(Beginning of Exercise materials)

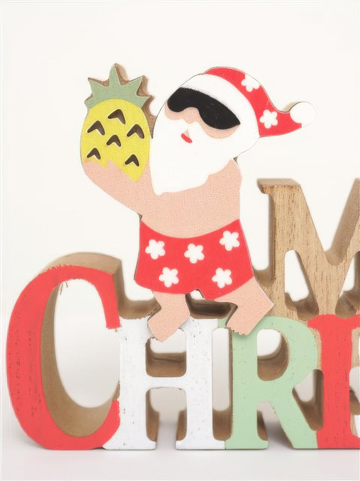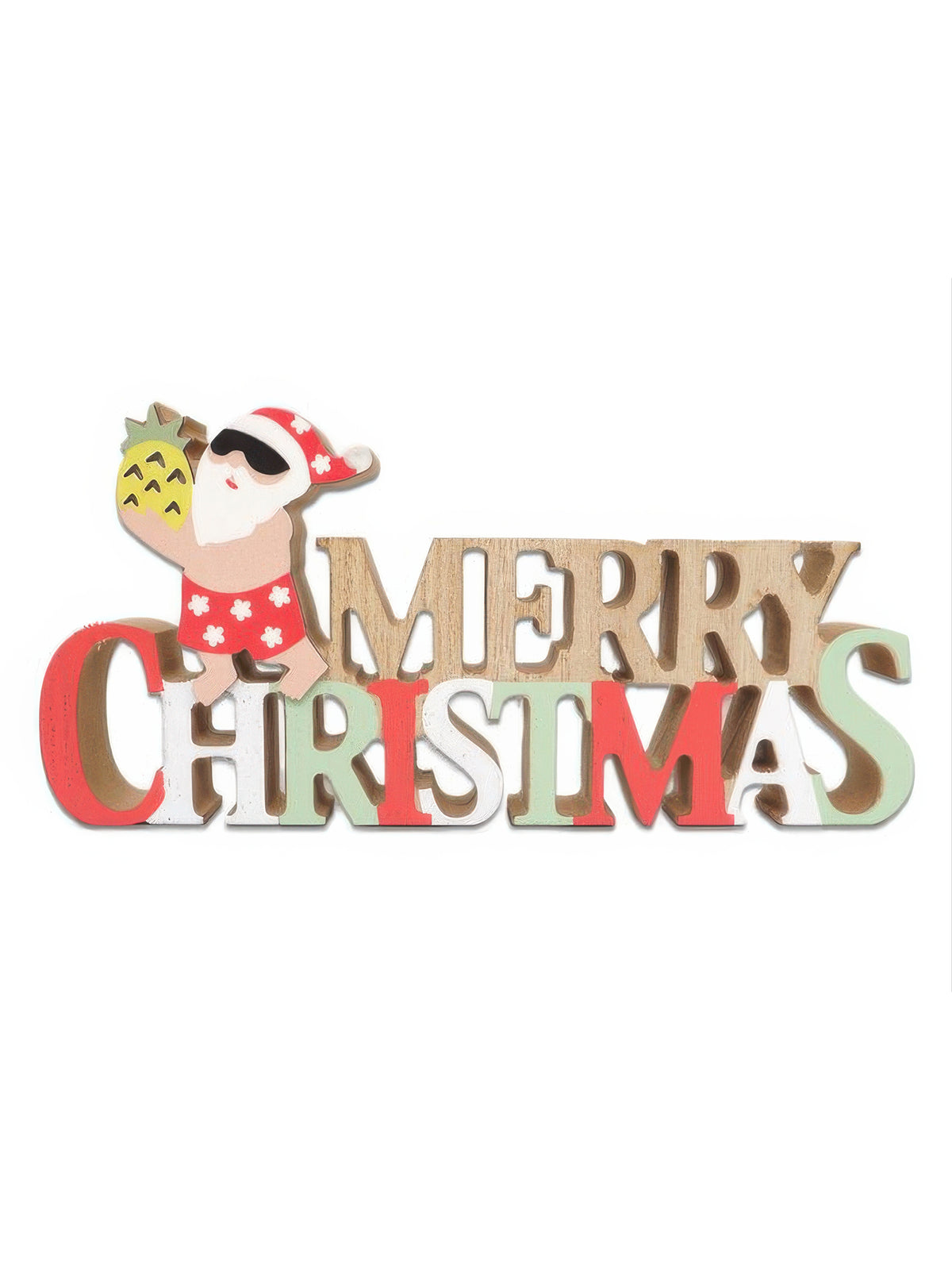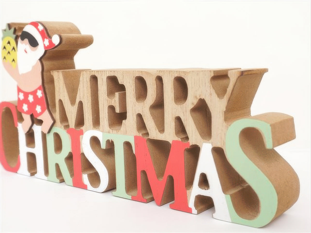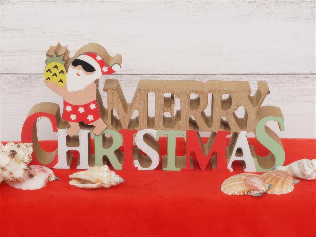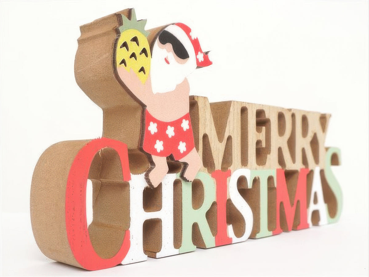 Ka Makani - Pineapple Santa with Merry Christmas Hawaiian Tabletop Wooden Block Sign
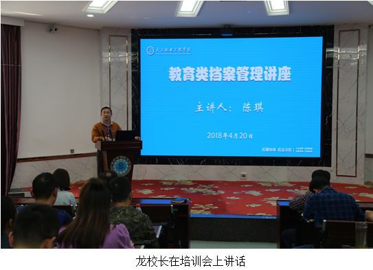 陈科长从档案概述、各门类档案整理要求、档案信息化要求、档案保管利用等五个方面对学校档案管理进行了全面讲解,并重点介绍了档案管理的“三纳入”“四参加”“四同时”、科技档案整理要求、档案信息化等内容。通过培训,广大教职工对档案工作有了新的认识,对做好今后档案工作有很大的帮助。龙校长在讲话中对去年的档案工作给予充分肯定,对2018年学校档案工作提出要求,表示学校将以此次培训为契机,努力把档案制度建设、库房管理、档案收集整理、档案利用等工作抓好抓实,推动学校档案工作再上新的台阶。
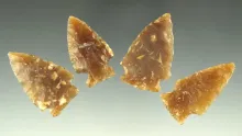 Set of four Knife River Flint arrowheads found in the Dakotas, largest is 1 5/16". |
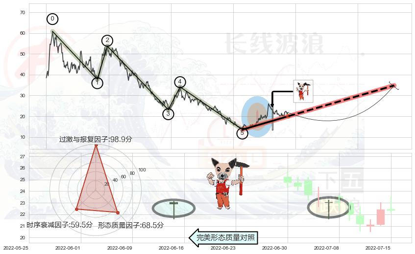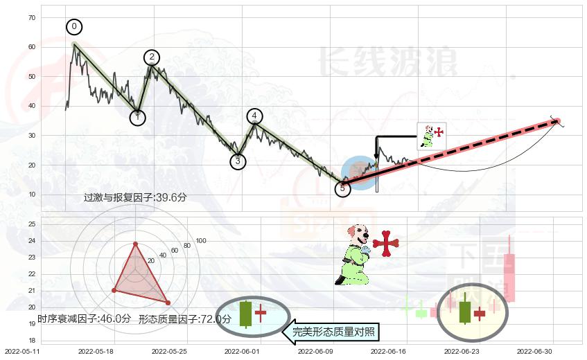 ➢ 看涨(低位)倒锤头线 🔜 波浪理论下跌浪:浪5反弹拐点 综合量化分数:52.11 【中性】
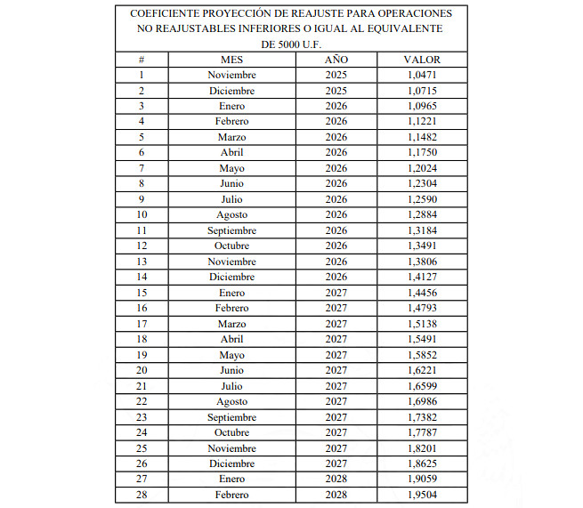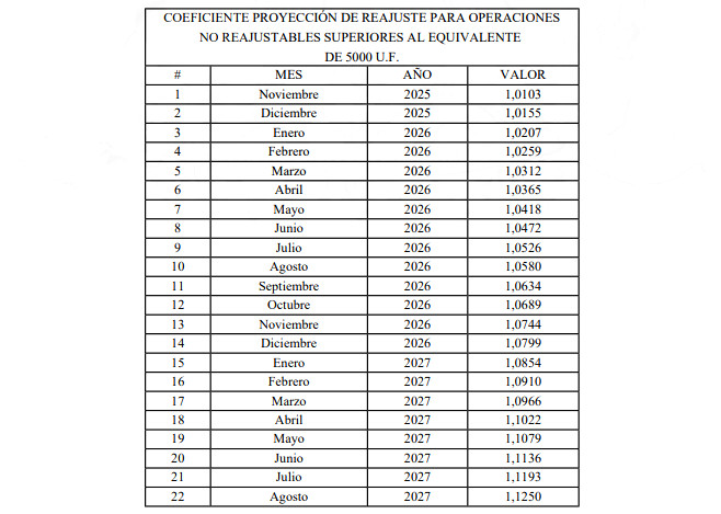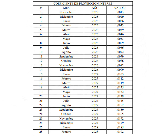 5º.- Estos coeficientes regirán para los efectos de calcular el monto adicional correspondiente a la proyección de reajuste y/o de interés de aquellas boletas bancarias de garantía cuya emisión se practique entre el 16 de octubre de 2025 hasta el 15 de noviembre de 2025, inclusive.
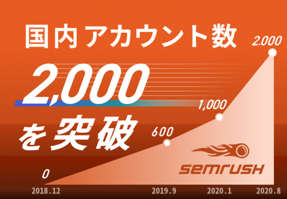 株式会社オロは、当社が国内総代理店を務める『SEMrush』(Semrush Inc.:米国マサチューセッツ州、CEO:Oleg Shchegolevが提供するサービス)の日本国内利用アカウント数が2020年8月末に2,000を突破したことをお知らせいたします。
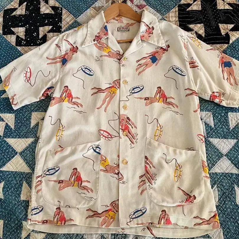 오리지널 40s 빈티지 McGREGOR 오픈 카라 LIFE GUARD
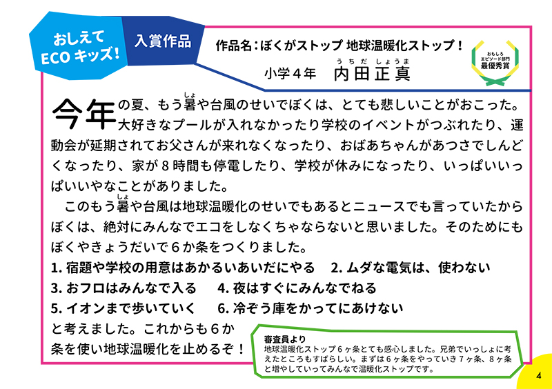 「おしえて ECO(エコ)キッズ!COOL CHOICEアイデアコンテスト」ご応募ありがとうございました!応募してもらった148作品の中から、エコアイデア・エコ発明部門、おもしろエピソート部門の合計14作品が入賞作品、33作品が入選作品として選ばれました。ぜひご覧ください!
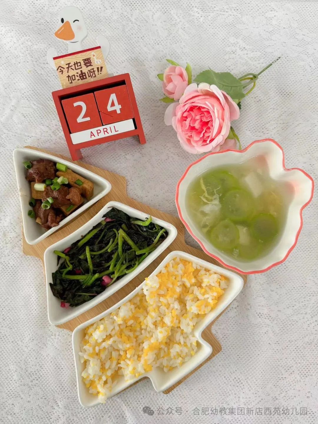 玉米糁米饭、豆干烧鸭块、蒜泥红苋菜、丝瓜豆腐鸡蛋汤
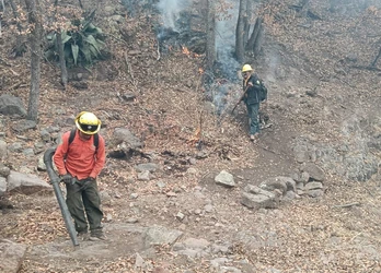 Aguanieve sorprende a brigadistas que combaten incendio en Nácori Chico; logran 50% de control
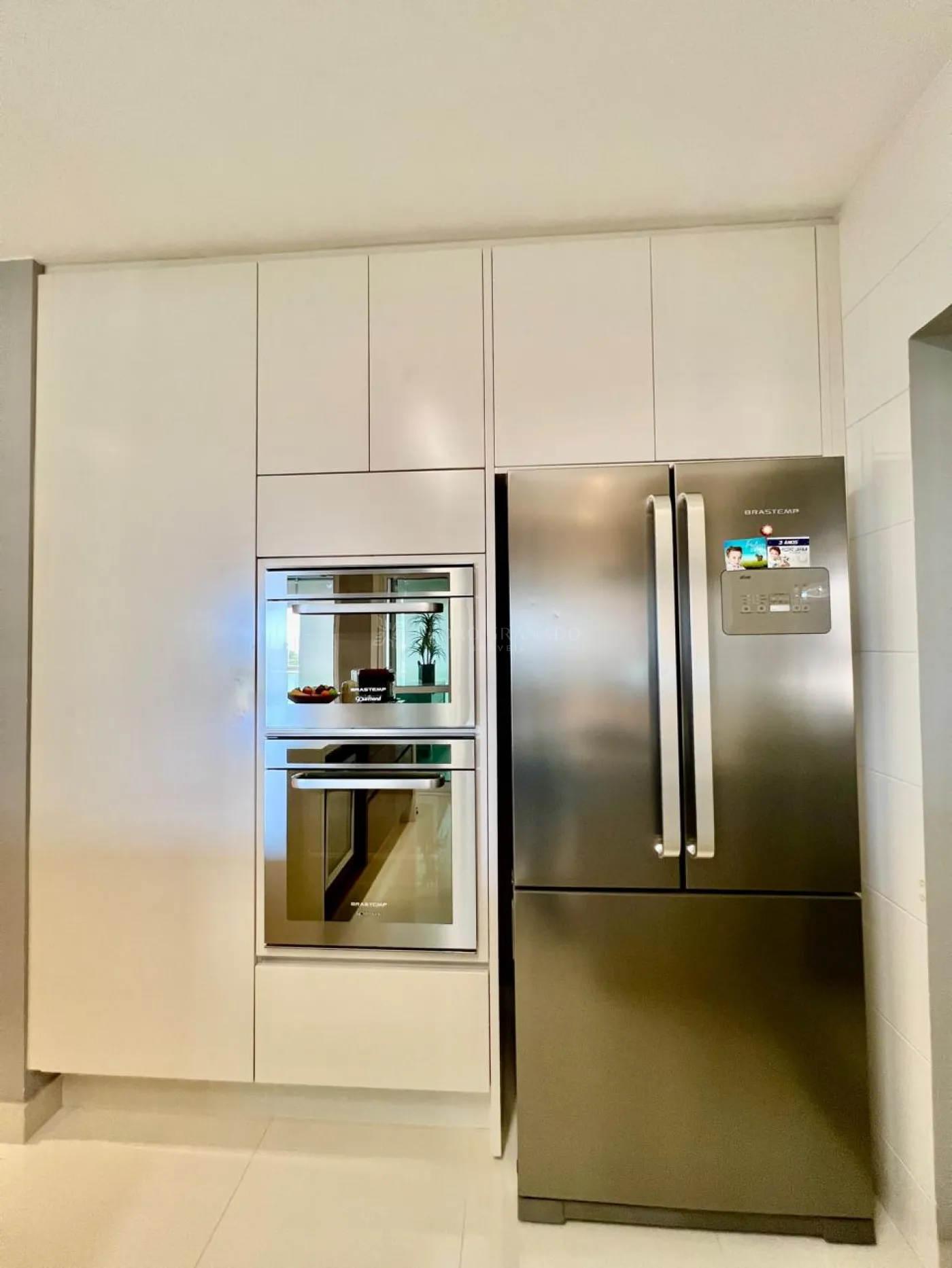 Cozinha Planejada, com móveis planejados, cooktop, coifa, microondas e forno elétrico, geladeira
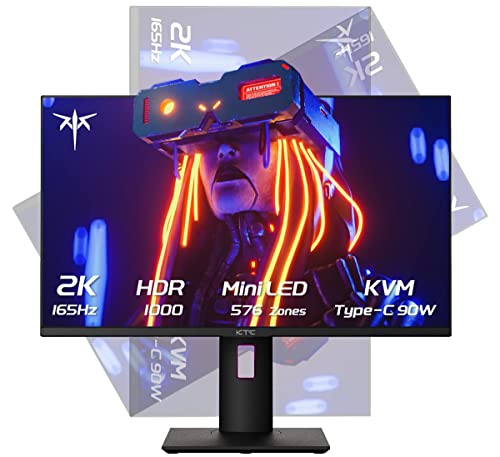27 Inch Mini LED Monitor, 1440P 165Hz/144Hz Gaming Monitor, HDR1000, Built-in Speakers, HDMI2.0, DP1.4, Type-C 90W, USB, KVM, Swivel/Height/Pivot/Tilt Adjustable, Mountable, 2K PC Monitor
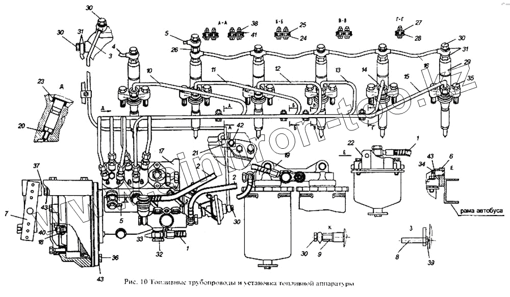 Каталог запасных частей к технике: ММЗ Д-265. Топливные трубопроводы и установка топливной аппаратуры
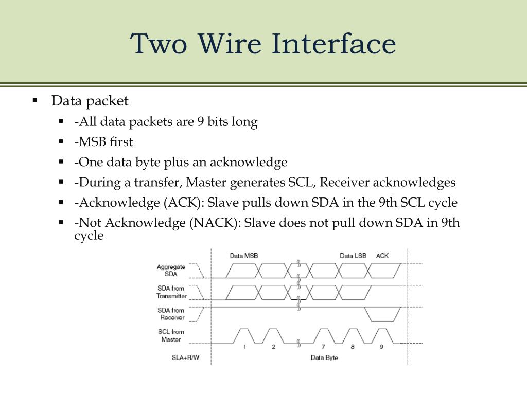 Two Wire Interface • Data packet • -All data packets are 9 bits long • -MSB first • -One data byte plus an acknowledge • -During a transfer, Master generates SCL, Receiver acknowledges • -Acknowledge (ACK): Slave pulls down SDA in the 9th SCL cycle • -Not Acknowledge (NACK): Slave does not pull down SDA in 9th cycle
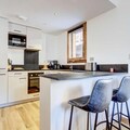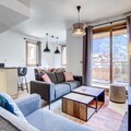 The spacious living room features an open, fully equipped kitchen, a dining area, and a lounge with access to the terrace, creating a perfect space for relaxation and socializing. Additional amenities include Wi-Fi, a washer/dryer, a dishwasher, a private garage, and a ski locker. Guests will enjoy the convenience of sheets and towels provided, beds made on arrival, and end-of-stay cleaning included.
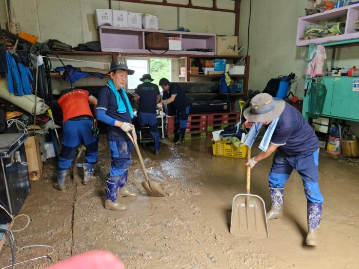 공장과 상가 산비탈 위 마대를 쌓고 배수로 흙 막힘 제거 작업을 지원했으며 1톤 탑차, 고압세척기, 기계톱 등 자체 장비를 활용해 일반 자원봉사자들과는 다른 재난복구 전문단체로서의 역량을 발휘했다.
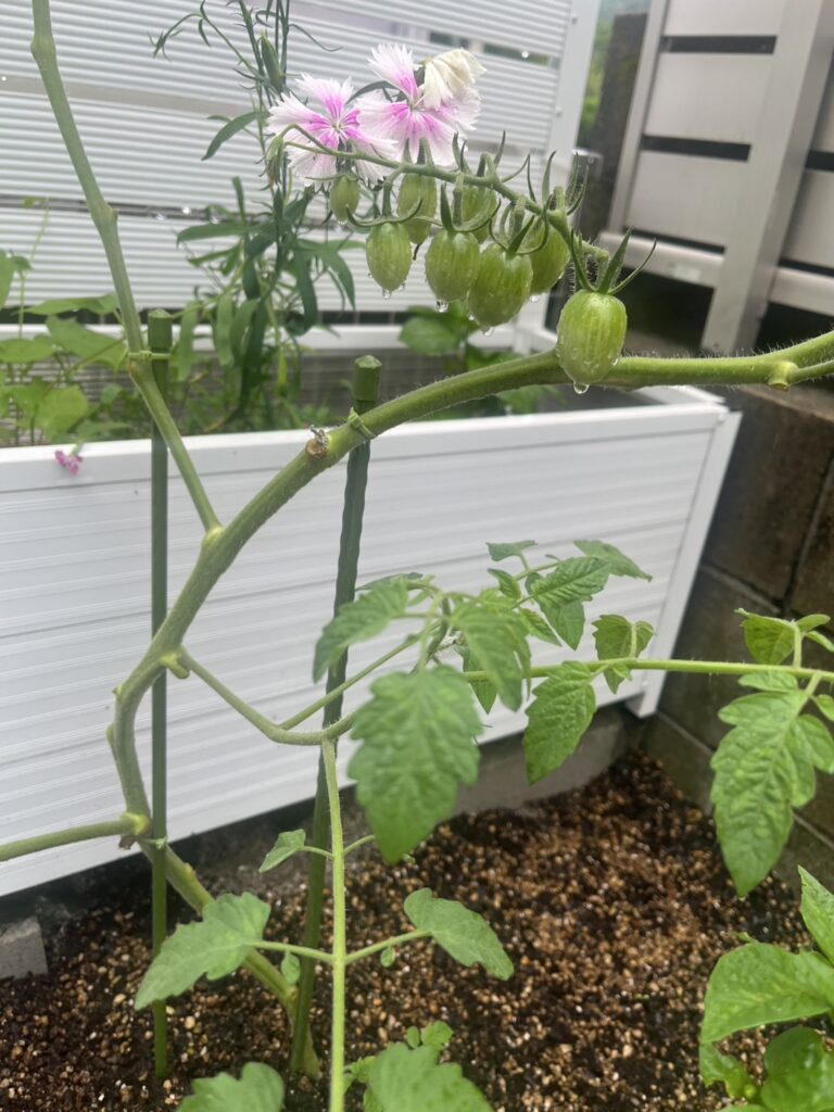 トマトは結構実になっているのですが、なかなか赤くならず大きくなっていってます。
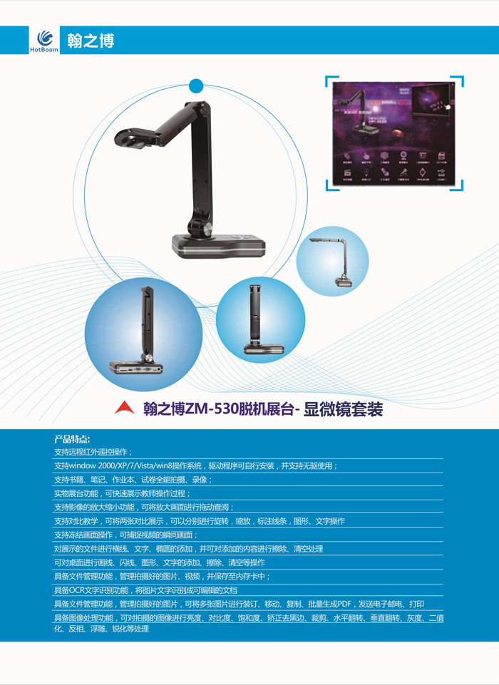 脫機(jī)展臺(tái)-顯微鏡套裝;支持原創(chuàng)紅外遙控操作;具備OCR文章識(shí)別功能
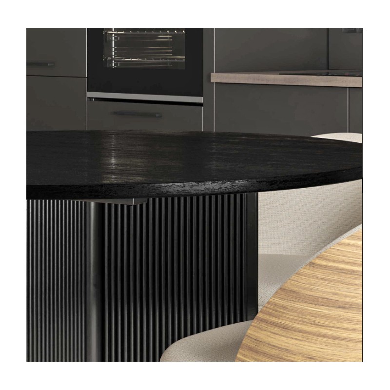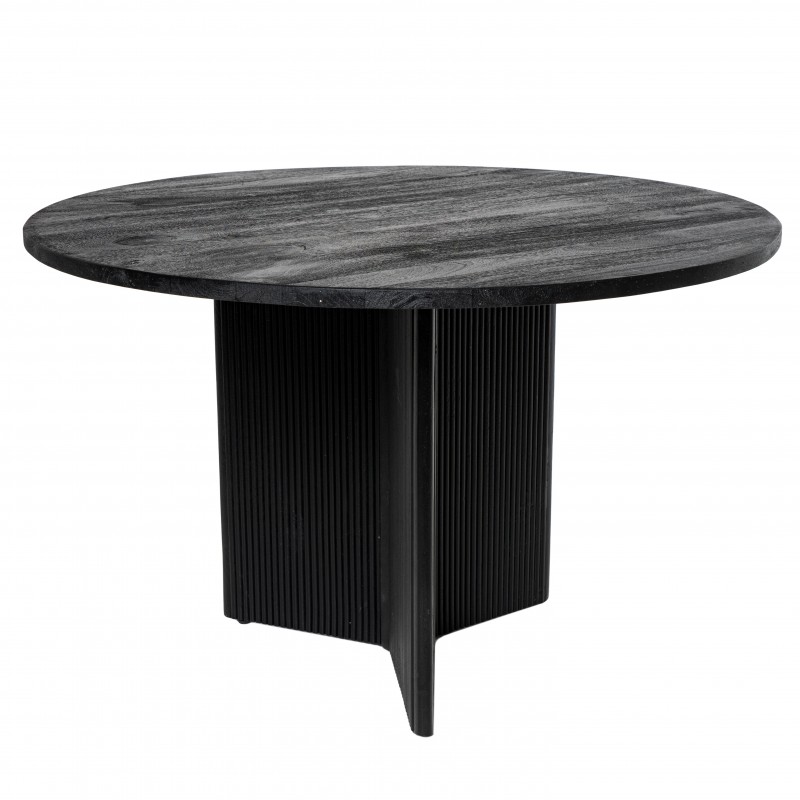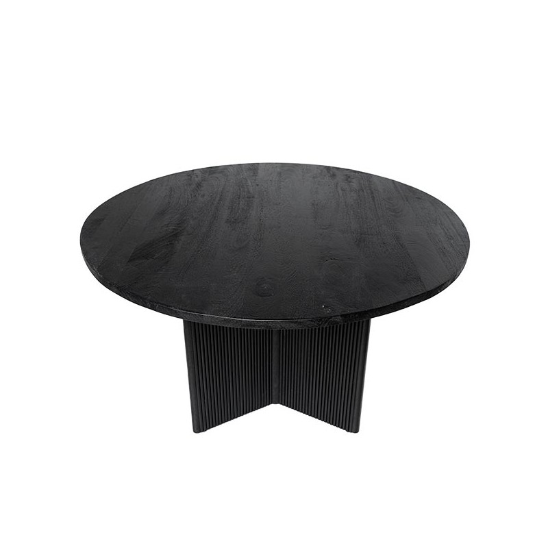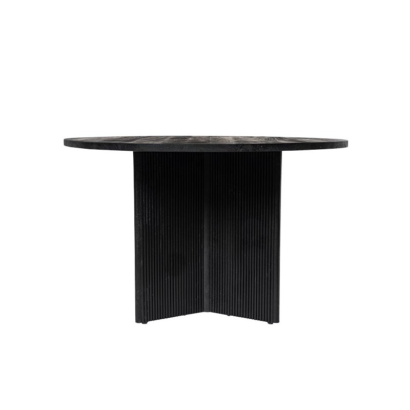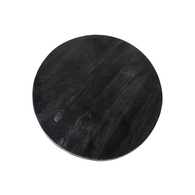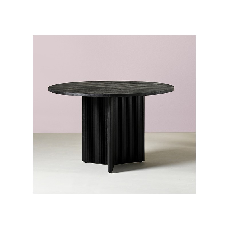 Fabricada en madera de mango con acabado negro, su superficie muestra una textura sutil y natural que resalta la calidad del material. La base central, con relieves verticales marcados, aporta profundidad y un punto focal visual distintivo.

(End of Exercise materials)

What is wanted is an exact copy of the lines from the line with "脫機(jī)展臺(tái)-顯微鏡套裝;" through the end of the records, both ends included, pictures excluded.

Result of this task -
 脫機(jī)展臺(tái)-顯微鏡套裝;支持原創(chuàng)紅外遙控操作;具備OCR文章識(shí)別功能
 Fabricada en madera de mango con acabado negro, su superficie muestra una textura sutil y natural que resalta la calidad del material. La base central, con relieves verticales marcados, aporta profundidad y un punto focal visual distintivo.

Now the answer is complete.